Weekend Kickoff - DEC 2017
Thirty-one tracks for the last Friday of 2017 — the year-end edition of the rotation, sent to the group chat on December 22 with the message “end of the year, last one for a while.” The songs that had survived the twelve months of editions, with a handful of late-rotation singles from November and December that hadn’t been on a Weekend Kickoff yet but that needed to be.
Wale with Major Lazer, WizKid, and Dua Lipa “My Love” — the Major Lazer VIP Remix specifically — opens because the song is doing the thing the late-2017 rotation kept asking it to do: bridging the rap-radio rotation and the dance-pop crossover and the dancehall-revival side and the slick-pop side in a single track. The collaboration shouldn’t work and it does. The placement at first-track signals the entire rotation’s aesthetic within the first ninety seconds.

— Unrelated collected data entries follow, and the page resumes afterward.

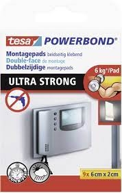 Ypač stiprios dvipusio lipnumo pagalvėlės TESA Powerbond Ultra Strong, 20mm x 0,6m, 9 vnt.
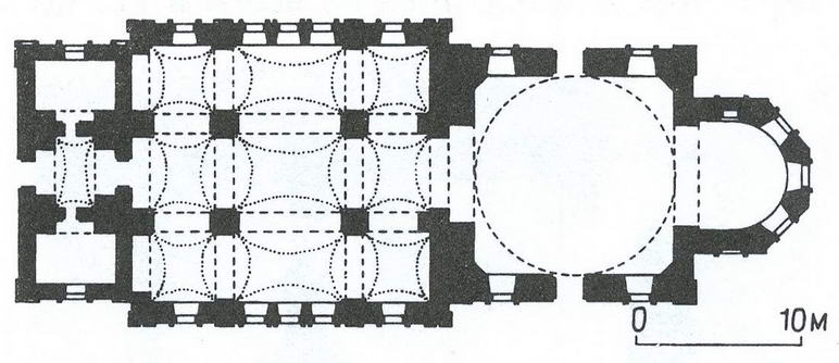 20. ЦЕРКОВЬ НИКОЛЬСКАЯ, кирпичная, строилась в 1890-х гг. на средства благотворителей и прихожан. Яркий образец эклектики, памятник примечателен несоответствием наружного храмового объема его внутренней форме. Одноапсидный храм типа восьмерик на четверике, характером масс и тяжелых пропорций близкий архитектуре барокко, имеет ампирный интерьер с купольной ротондой, формирующей несложное целостное пространство. В разработке фасадов использованы мотивы различных стилевых направлений допетровского и новейшего зодчества. Не получивший пластического развития плоский кирпичный декор схематичен по рисунку, сух и графичен по выполнению. Глухую верхнюю зону стен массивного куба храма заполняет узор, стилизующий форму закомар; оригинальные крупные волюты, заимствованные из архитектуры московского барокко, чередуясь с поясом арочных ниш, венчают грани второго яруса. В совокупности с граненым контуром дверных перемычек и утраченными крыльцами на кувшинообразных столбах эта декорация внесла в облик памятника черты псевдорусского стиля. Четырехстолпная трапезная с приделами, перекрытая системой парусных сводов, соединяет храм с квадратной башней колокольни, три яруса которой поднимаются над широким прямоугольным основанием. Силуэт и сдержанные формы убранства роднят колокольню с аналогичными постройками провинциального классицизма.
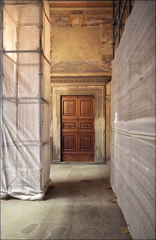 Mauroq(è propio la luce,quella luce ad avermi attratto;il cortile del Palazzo Vecchio di Firenze riceve luce diffusa da fuori e di sopra,come un enorme soft box,addolcendo ombre e contrasti.Alcuni punti di illuminazione artificiale e il colore delle pitture a secco delle lunette laterali fanno il resto indorando il tutto)

The Beaches “Money” follows because the Toronto band’s catalog had quietly been in the group chat’s rotation for half the year. The track is the kind of post-Strokes alt-rock that the genre keeps producing without quite getting credit for, and “Money” is the cut where the band’s catalog clicks into its actual identity. Tash Sultana “Jungle” sits a few tracks in — the Australian one-person-band whose loop-pedal performances had been my favorite YouTube discovery of the year. The studio version captures less of the live energy than the live versions do, but “Jungle” specifically translates.
The Revivalists “Wish I Knew You” was the slow-burn radio hit of the year. The song had been out for over a year before it actually crossed over into mainstream rotation — the kind of track that takes its time finding its audience. By December 2017 the song was inescapable, but the playlist’s placement is honoring the audience it actually had in the group chat, which had been on it from the beginning.

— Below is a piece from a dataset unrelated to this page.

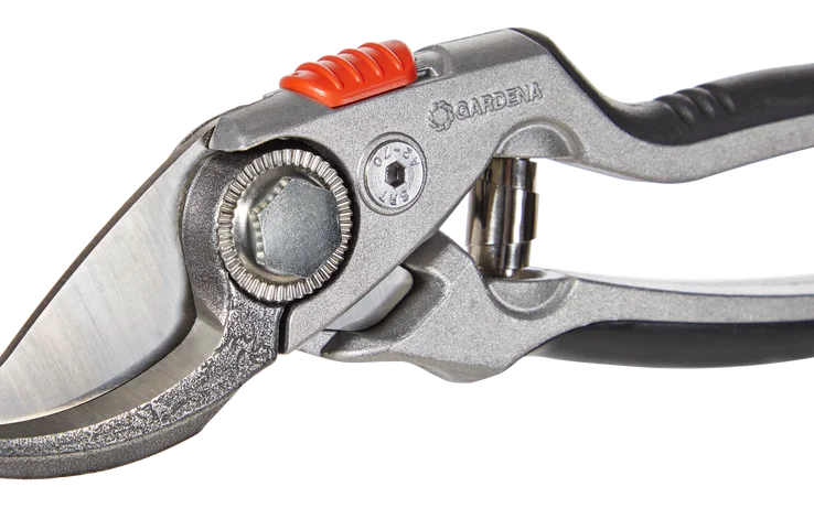 The GARDENA Aluminium Garden Secateurs B+/L with its stainless steel upper blade and forged re-sharpenable bottom blade; both replaceable, are perfect for cutting flowers, young shoots and fresh wood (up to 22mm). The extra-narrow cutting head permits particularly precise cutting. The ergonomically-shaped aluminium handles with two hand positions provide maximum comfort when cutting. The secateurs have a practical single-hand safety lock for safe storage, wire cutters and a sap groove and are backed with the GARDENA 25 year warranty.
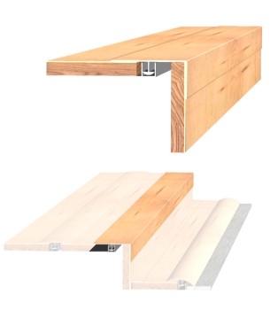 Perfil de MDF recoberto, para junta de escada (para degraus em geral). |

Lauv “Easy Love” is the deliberate-saccharine pop pull that the rotation absolutely commits to. The track is built around the kind of melodic hook that the streaming-era pop catalog kept producing — short, melodic, the kind of song you sing in the shower without remembering where you heard it. The placement is honest about the year’s pop-radio rotation rather than pretending the friend group only listened to the cool stuff.
Busta Rhymes with Vybz Kartel and Tory Lanez “Girlfriend” carries the dancehall-rap-radio crossover. Busta’s catalog had been quietly excellent through the second half of the decade in a way that the streaming-era’s working-rotation has tended to undervalue. The track is doing the thing Busta has always done best — riding a Caribbean rhythm with the kind of vocal velocity that nobody else in the rap canon can quite match.
Foo Fighters “The Sky Is A Neighborhood” is the rock-radio anchor of the rotation. Grohl writes for arenas and the song earns the description — the chorus is the kind of thing you can hear three hundred yards away from a stage. The placement late in the rotation is sequencing the back-third for the post-dinner energy lift.
Jasmine Thompson with Eden Prince “Mad World” — the Eden Prince Remix — is the closer. The original “Mad World” is a Tears for Fears song from 1982 that Gary Jules covered for the Donnie Darko soundtrack in 2001 and that Adam Lambert covered on American Idol in 2009. The Thompson-and-Eden-Prince version is the dance-floor remix of the Gary Jules cover of the Tears for Fears original. The chain of covers is a small bit of music-history archaeology that the friend group appreciated when I pointed it out.
Thirty-one tracks. About two hours. The right length for a late-December Friday-evening rotation that runs through dinner-prep into the post-dinner kitchen-cleanup, with the music doing the work of being the soundtrack to the year-end texting that the group chat does every Christmas Eve. The replies came back through New Year’s. Some of the friends were arguing about which tracks should have made it, some were sending their own year-end picks, one of them was at his in-laws’ house and texting from the bathroom every twenty minutes about what was playing in the kitchen. The rotation does what it’s supposed to do. That’s the metric.
The December edition was the year’s last formal Kickoff before the holiday hiatus. The friend group’s tradition was that the December edition got texted out on Christmas Eve and the replies ran into New Year’s. The 2017 December tape produced one of the year’s longest reply threads — friends sending their own year-end picks, friends arguing about which songs should have made the cut, friends asking when the next year’s editions would start.